» TRY IT: Every line from the one holding "本场比赛,骑士内线阿伦表现出" through the one holding "Elegant 25-års bröllopsjubileum" in the data below must be returned exactly, both ends included, with pictures left out and nothing else added.

» DATA LISTING:
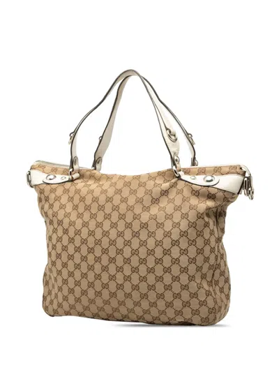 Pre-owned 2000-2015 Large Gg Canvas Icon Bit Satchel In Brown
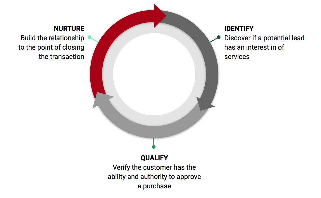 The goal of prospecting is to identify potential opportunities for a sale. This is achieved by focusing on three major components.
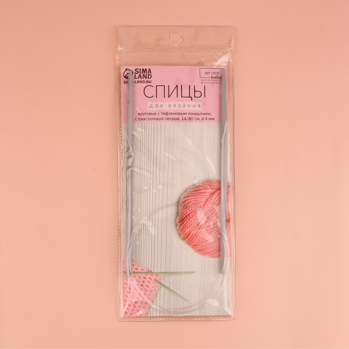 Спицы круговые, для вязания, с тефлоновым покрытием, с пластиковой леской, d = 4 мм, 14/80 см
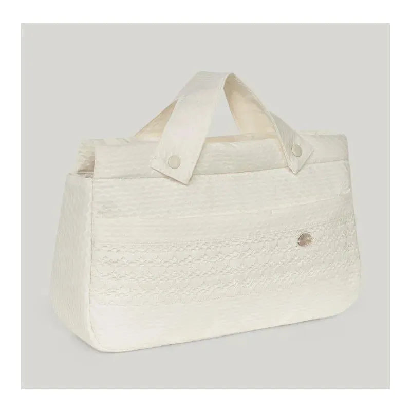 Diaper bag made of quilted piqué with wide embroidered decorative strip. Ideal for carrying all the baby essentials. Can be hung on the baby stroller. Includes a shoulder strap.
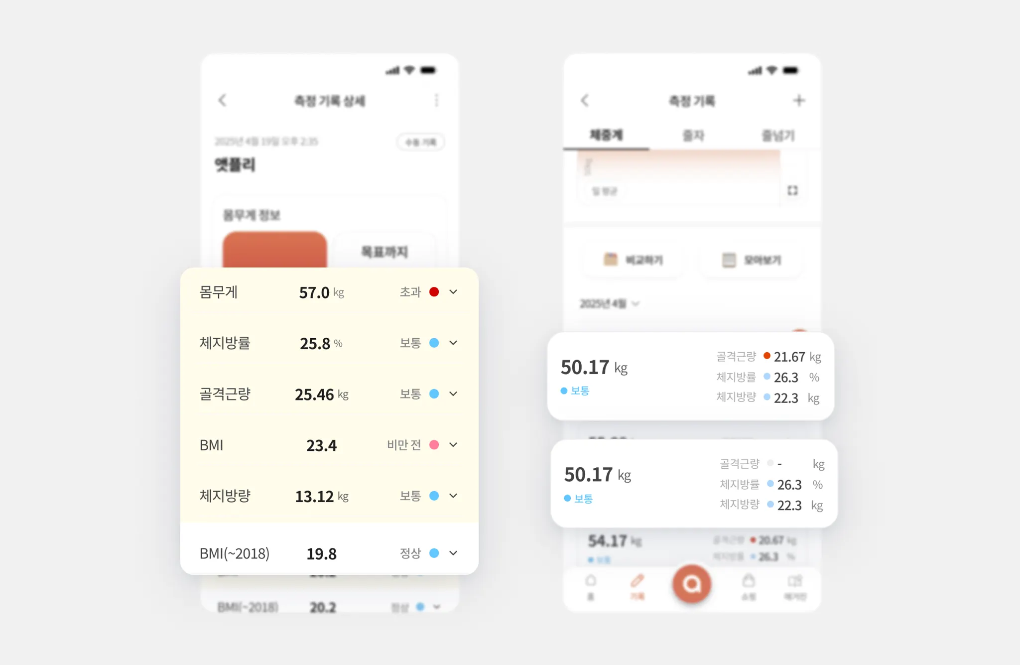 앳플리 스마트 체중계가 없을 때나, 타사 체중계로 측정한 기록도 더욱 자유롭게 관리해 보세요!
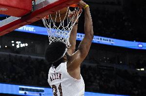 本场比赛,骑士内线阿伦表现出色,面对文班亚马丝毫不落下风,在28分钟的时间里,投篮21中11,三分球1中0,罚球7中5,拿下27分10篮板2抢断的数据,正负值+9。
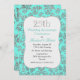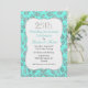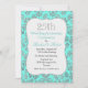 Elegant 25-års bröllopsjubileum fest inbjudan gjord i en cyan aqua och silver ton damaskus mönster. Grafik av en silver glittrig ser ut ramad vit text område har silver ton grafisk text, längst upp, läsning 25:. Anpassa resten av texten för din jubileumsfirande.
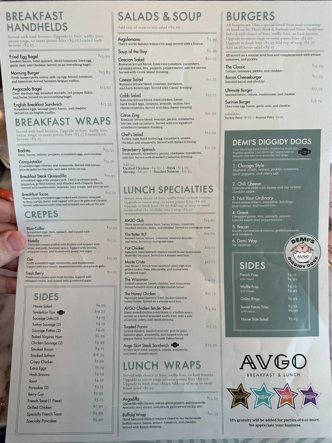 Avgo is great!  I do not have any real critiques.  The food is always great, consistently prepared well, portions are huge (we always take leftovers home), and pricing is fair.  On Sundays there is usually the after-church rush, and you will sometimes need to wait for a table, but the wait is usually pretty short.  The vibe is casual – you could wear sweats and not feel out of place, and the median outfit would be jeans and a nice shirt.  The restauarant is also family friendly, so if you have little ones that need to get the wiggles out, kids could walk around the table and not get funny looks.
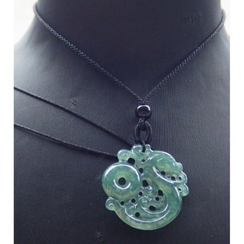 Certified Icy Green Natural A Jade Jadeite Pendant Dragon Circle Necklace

» RESPONSE:
 本场比赛,骑士内线阿伦表现出色,面对文班亚马丝毫不落下风,在28分钟的时间里,投篮21中11,三分球1中0,罚球7中5,拿下27分10篮板2抢断的数据,正负值+9。
 Elegant 25-års bröllopsjubileum fest inbjudan gjord i en cyan aqua och silver ton damaskus mönster. Grafik av en silver glittrig ser ut ramad vit text område har silver ton grafisk text, längst upp, läsning 25:. Anpassa resten av texten för din jubileumsfirande.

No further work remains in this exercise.